We have implemented CSM-Lig via a user-friendly webserver freely available at http://structure.bioc.cam.ac.uk/csm_lig (Figure S2 of Supplementary Material). The server front-end was built using Bootstrap framework version 2.0, while the back-end was built in Python via the Flask framework (version 0.10.1), running on a Linux server. It allows users to upload protein–ligand complexes (in PDB format) or a compressed file of multiple protein–ligand complexes, for which the predicted binding affinities will be calculated. These could include different poses of the same complex, different ligands or multiple different proteins. For multiple complexes, the predicted affinities are shown in an interactive table and can be downloaded as a tab-separated file. In addition, a Pymol session file showing the interactions made by the ligand within the structure (Figure S3 of Supplementary Material) will be generated using Arpeggio (Jubb H and Blundell TL, Unpublished Data), and made available to download. For single predictions a WebGL interactive molecule visualization of the uploaded complex is also shown. Figure 2 depicts the result page for a single complex prediction. No user information is retained on the system after being uploaded by the user. Water molecules present in the uploaded PDB files are removed prior to calculation. As part of the PDBbind curated data set used in this study, all other Hetatoms, including cofactors, are removed from the structures. Since these were not present in the training set for CSM-lig, the server automatically removes them from the files.

Figure 2.

Figure 2.

Web server interface. The figure depicts the result page for a single protein-small molecule affinity prediction mode for CSM-Lig, which shows the numerical binding affinity prediction as the −log10(KD|Ki), an interactive GLMol session of the ligand binding location, a downloadable pymol session file to explore the interactions made by the ligand and also a link for the predicted pharmacokinetic and toxicity properties of the ligand calculated by pkCSM (23).

RESULTS

CSM-Lig was first built and evaluated on the widely used 2007 and 2013 releases of PDBbind. For the two releases, CSM-lig achieved a Pearson's correlation coefficients of 0.82 and 0.86, Spearman correlations of 0.83 and 0.87 and standard deviation of 0.94 and 0.87, respectively, on 10-fold cross validation. Over the PDBbind core set, a blind test of 195 diverse complexes with binding affinities ranging from millimolar to picomolar that has been used to benchmark different approaches, the models showed strong Pearson's correlations of 0.75 and 0.80 (Spearman correlations of 0.76 and and 0.81) and with a small spread in errors between the CSM-Lig predictions and experimentally measured affinities (standard deviation of 1.617 and 1.440, respectively). Figure S4 of Supplementary Material shows the regression plots for the 2007 and 2013 releases. We have evaluated whether the accuracy of the method was biased toward certain ligand properties, however, no significant correlation has been identified (Figure S5 of Supplementary Material).
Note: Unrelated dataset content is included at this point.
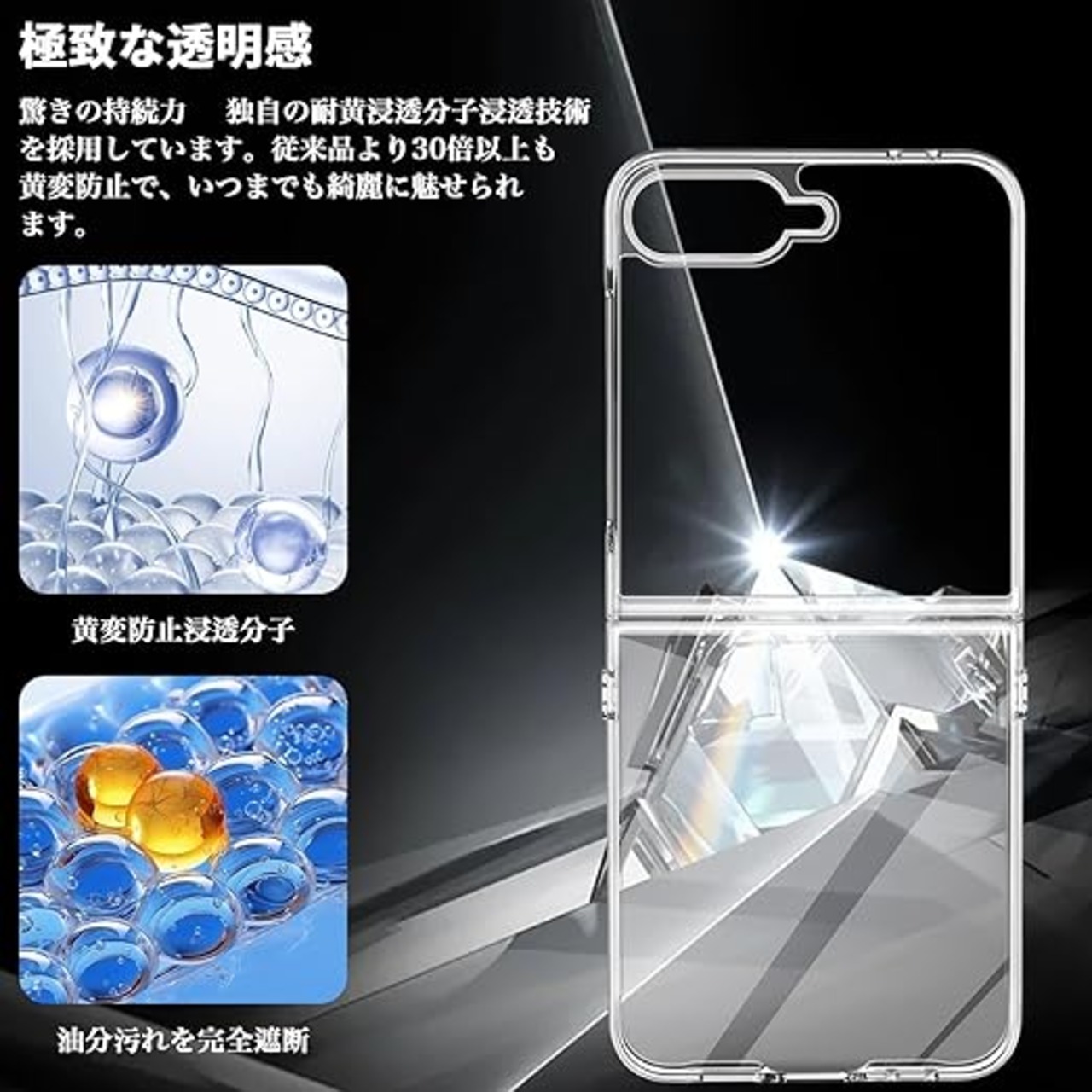 【高透明度】ミニマリストのウルトラクリアスタイルで、Galaxy Z Flip 7の美しい色とデザインの美しさを完璧に表現できます。携帯電話ケース内部の密度の高いマイクロドットが、電話を煩わしい透かしから守ります。

Comparing the performance of CSM-Lig built upon the 2007 PDBbind data set against previously benchmarked approaches that used this data set (28), we observed that CSM-Lig performed as good or better than well established scoring functions and predictors (Table 1). The Pearson and Spearman correlations (0.751 and 0.761, respectively) and the standard deviation (1.617) achieved by CSM-Lig on the 2007 data set were significantly better than all other methods, apart from RF-Score, which performed comparably and was not statistically different.

Table 1. Comparative performance between CSM-Lig and similar methods and scoring functions on the PDBbind 2007 core set.

Method/Scoring Function RP RS SD
CSM-Lig 0.751 0.761 1.617
RF-Score::Elem-v2 0.803 0.797 1.540
RF-Score::Elem-v1 0.776 0.762 1.580
X-Score::HMScore 0.644* 0.705 1.830**
DrugScoreCSD 0.569* 0.627* 1.960**
SYBYK::ChemScore 0.555* 0.585* 1.980**
DS::PLP1 0.545* 0.588* 2.000**
GOLD::ASP 0.534* 0.577* 2.020**
SYBYL::G-Score 0.492* 0.536* 2.080**
DS::LUDI3 0.487* 0.478* 2.090**
DS::LigScore2 0.464* 0.507* 2.120**
GlideScore-XP 0.457* 0.435* 2.140**
DS::PMF 0.445* 0.448* 2.140**
GOLD::ChemScore 0.441* 0.452* 2.150**
NHA 0.431* 0.517* 2.150**
SYBYL::D-Score 0.392* 0.447* 2.190**
IMP::RankScore 0.322* 0.348* 2.250**
DS::Jain 0.316* 0.346* 2.240*
GOLD::GoldScore 0.295* 0.322* 2.290**
SYBYL::PMF-Score 0.268* 0.273* 2.290**
SYBYL::F-Score 0.216* 0.243* 2.350**

Pearson (RP) and Spearman Correlations (RS), as well as Standard Deviation (SD) are given. Results from similar methods directly obtained from Balester et al. (2014). Full references of the listed methods can be found on Table S2 of Supplementary Material. *P ≤ 0.05 compared to CSM-Lig by Fisher rtoInline graphic transformation. **P ≤ 0.05 compared to CSM-Lig by F-test.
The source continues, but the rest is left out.